> **Material provided**

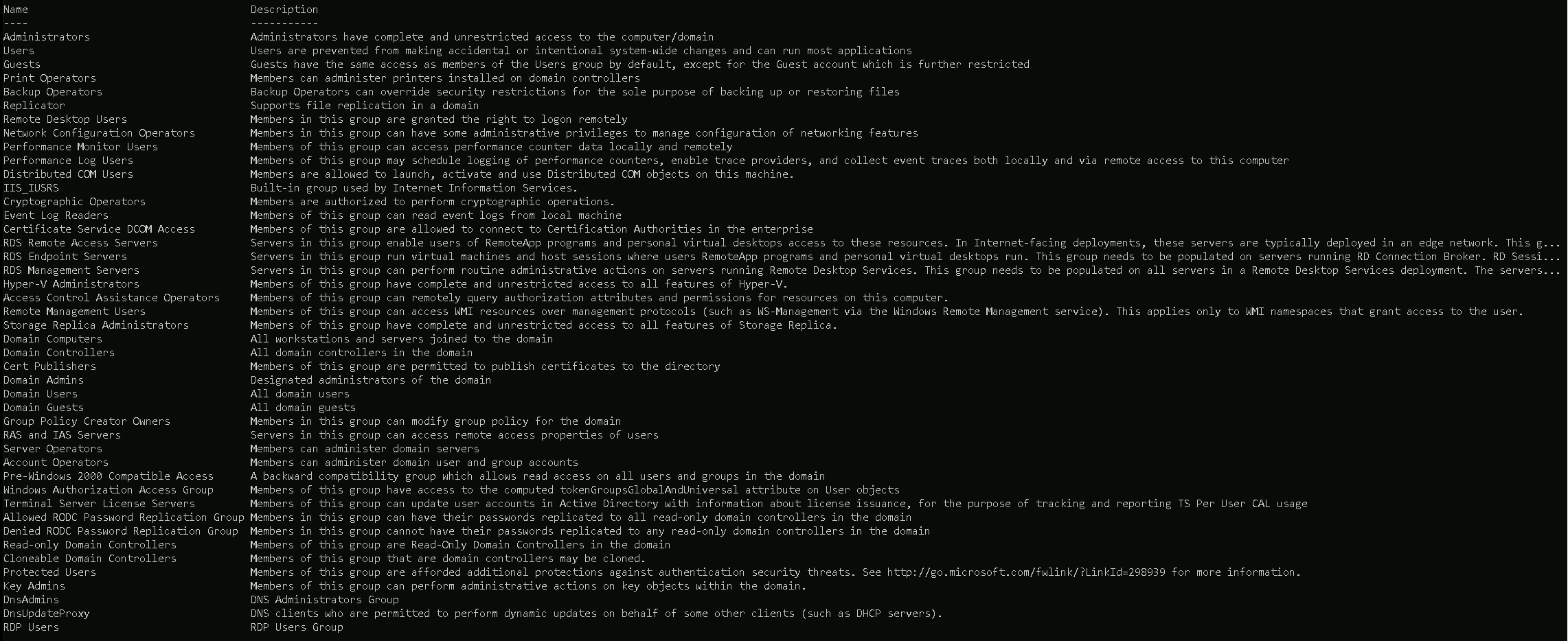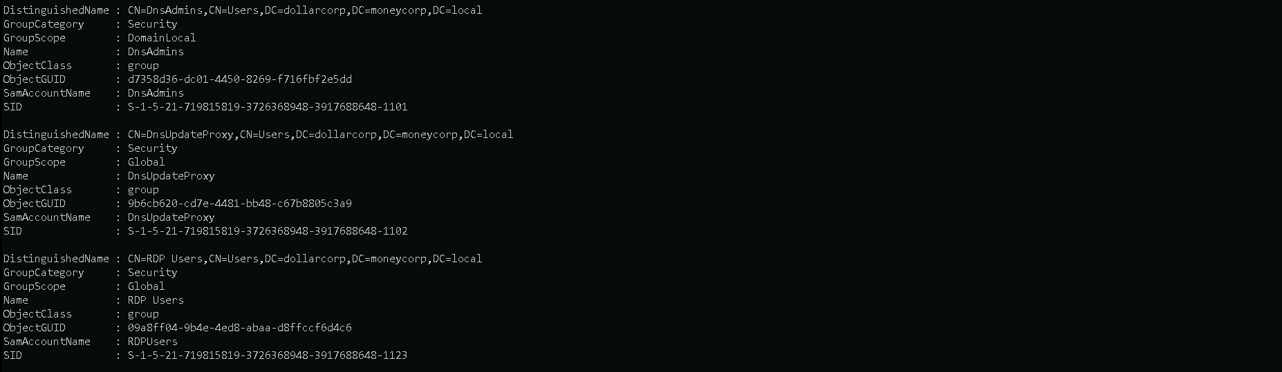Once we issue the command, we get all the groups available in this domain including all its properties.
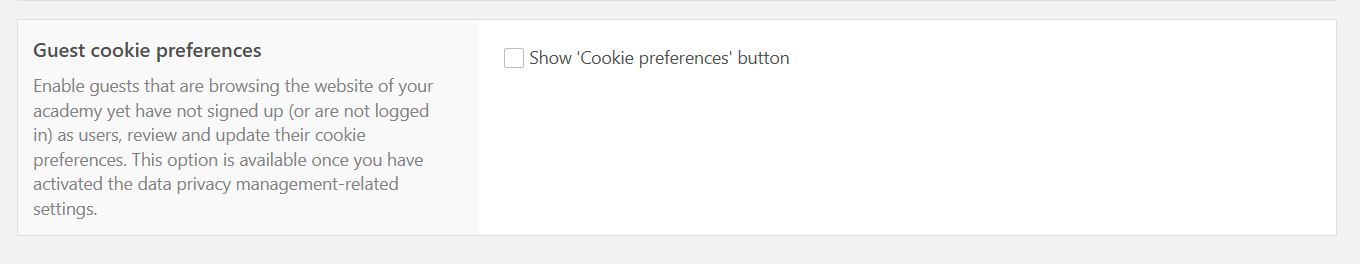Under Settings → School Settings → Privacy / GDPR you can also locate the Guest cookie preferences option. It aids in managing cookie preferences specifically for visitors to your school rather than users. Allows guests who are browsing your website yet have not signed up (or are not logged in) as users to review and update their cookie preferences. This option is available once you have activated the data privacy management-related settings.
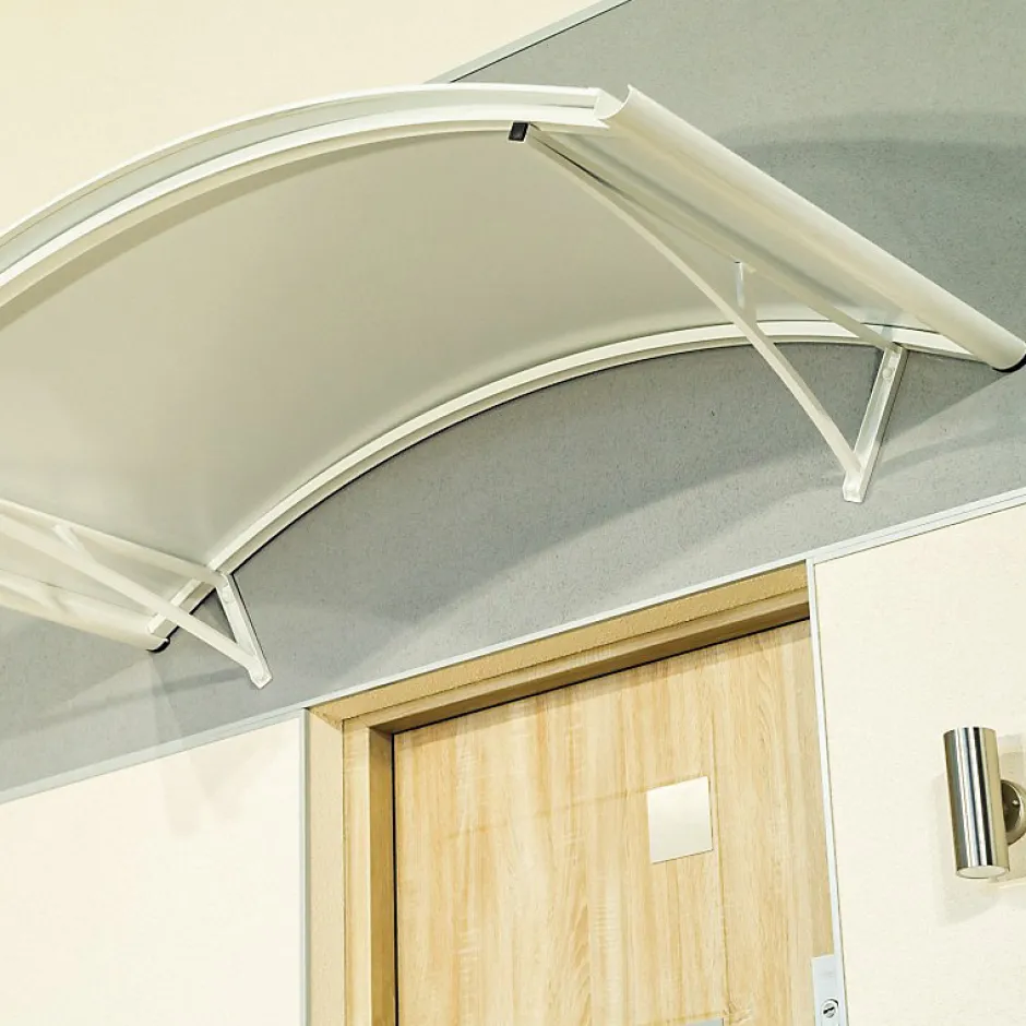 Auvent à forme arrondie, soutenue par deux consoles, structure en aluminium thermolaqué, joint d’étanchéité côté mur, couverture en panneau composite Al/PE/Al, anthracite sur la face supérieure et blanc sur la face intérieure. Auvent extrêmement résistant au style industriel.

> **Task objective**
Return, exactly as they stand, all of the lines above, but not the pictures.

> **Written response**
Once we issue the command, we get all the groups available in this domain including all its properties.
Under Settings → School Settings → Privacy / GDPR you can also locate the Guest cookie preferences option. It aids in managing cookie preferences specifically for visitors to your school rather than users. Allows guests who are browsing your website yet have not signed up (or are not logged in) as users to review and update their cookie preferences. This option is available once you have activated the data privacy management-related settings.
 Auvent à forme arrondie, soutenue par deux consoles, structure en aluminium thermolaqué, joint d’étanchéité côté mur, couverture en panneau composite Al/PE/Al, anthracite sur la face supérieure et blanc sur la face intérieure. Auvent extrêmement résistant au style industriel.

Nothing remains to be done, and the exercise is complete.